Bij het omvormen van de vervangingsreserve in een herinvesteringsreserve is overwogen of voor situaties van herstructurering de reserve over het stakingsmoment heen zou kunnen worden meegenomen. Omdat het concept van een reserve op de balans van de onderneming, niet werkbaar is in een situatie waarin de gestaakte onderneming niet naadloos overgaat in een nieuwe bedrijfsactiviteit, is gekozen voor een andere oplossing. Die oplossing houdt in dat de belastingclaim niet wordt doorgeschoven in de vorm van een reserve, maar in de vorm van een conserverende aanslag. De regeling is opgenomen in artikel 3.64. Zij maakt het mogelijk de belastingclaim op de stakingswinst door te schuiven naar nieuwe investeringen indien de onderneming is gestaakt als direct gevolg van een aangewezen vorm van overheidsingrijpen. Met het toespitsen van de regeling op bepaalde vormen van overheidsingrijpen is invulling gegeven aan de voorstellen op dit terrein in het rapport van de werkgroep Fiscale opties bij herstructurering op bedrijfsniveau in de land- en tuinbouw. Met de regeling wordt dan ook beoogd knelpunten weg te nemen die noodzakelijke herstructureringen – met name in de land- en tuinbouw – in de weg zouden staan. Een meer algemene toepassing zou de flexibiliteit van het ondernemerschap wellicht verder kunnen vergroten. Mijns inziens verdient het, nog afgezien van de budgettaire consequenties, echter de voorkeur om de ervaringen met de voorgestelde regeling af te wachten.

De leden van de fracties van GPV en RPF vragen wat de reden is dat zogenoemde willekeurige afschrijvingen niet zijn opgenomen in de regeling voor de herinvesteringsreserve.
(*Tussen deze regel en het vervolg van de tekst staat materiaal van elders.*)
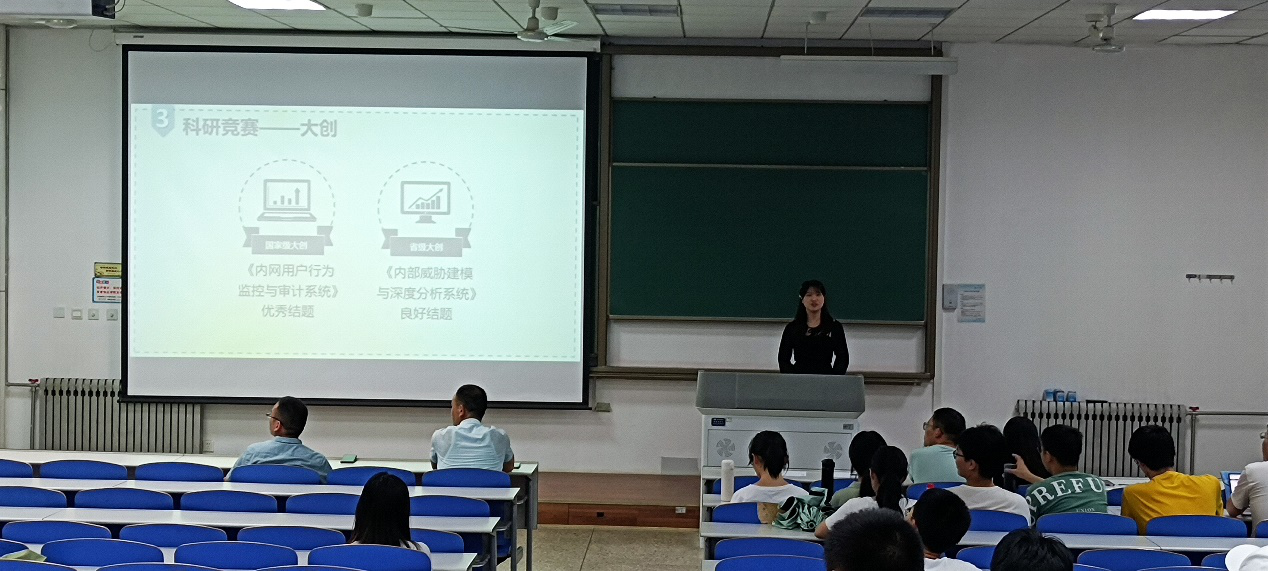 然后是王偲怡学姐进行她的分享。她通过风趣幽默的语言,讲述了自己本科期间的经历,分享了网安大家庭对员工的关怀,介绍了申请国外大学offer的经验,展示了网安优秀学子乐观、向上的风貌和对个人发展的规划思考。

Om te voorkomen dat willekeurige afschrijving zou worden «doorgeschoven» naar een bedrijfsmiddel dat niet voor willekeurige afschrijving in aanmerking komt – die mogelijkheid zal zich bij de herinvesteringsreserve veel sneller voordoen dan onder de huidige vervangingsreserve – is de herinvesteringsreserve «gecorrigeerd» voor willekeurige afschrijvingen.

De leden van de fractie van de VVD geven aan moeite te hebben met het feit dat het soepele regime van de herinvesteringsreserve niet kan worden toegepast wanneer sprake is van een verschuiving van stille reserves binnen de groep bedrijfsmiddelen die niet afschrijfbaar zijn of een afschrijvingstermijn hebben van meer dan 10 jaar. Deze leden wijzen erop dat daarvoor als enig argument wordt gewezen op het grote budgettaire beslag. Ook de leden van de fractie van het CDA vragen waarom de eis inzake economische gelijkwaardigheid niet is vervallen.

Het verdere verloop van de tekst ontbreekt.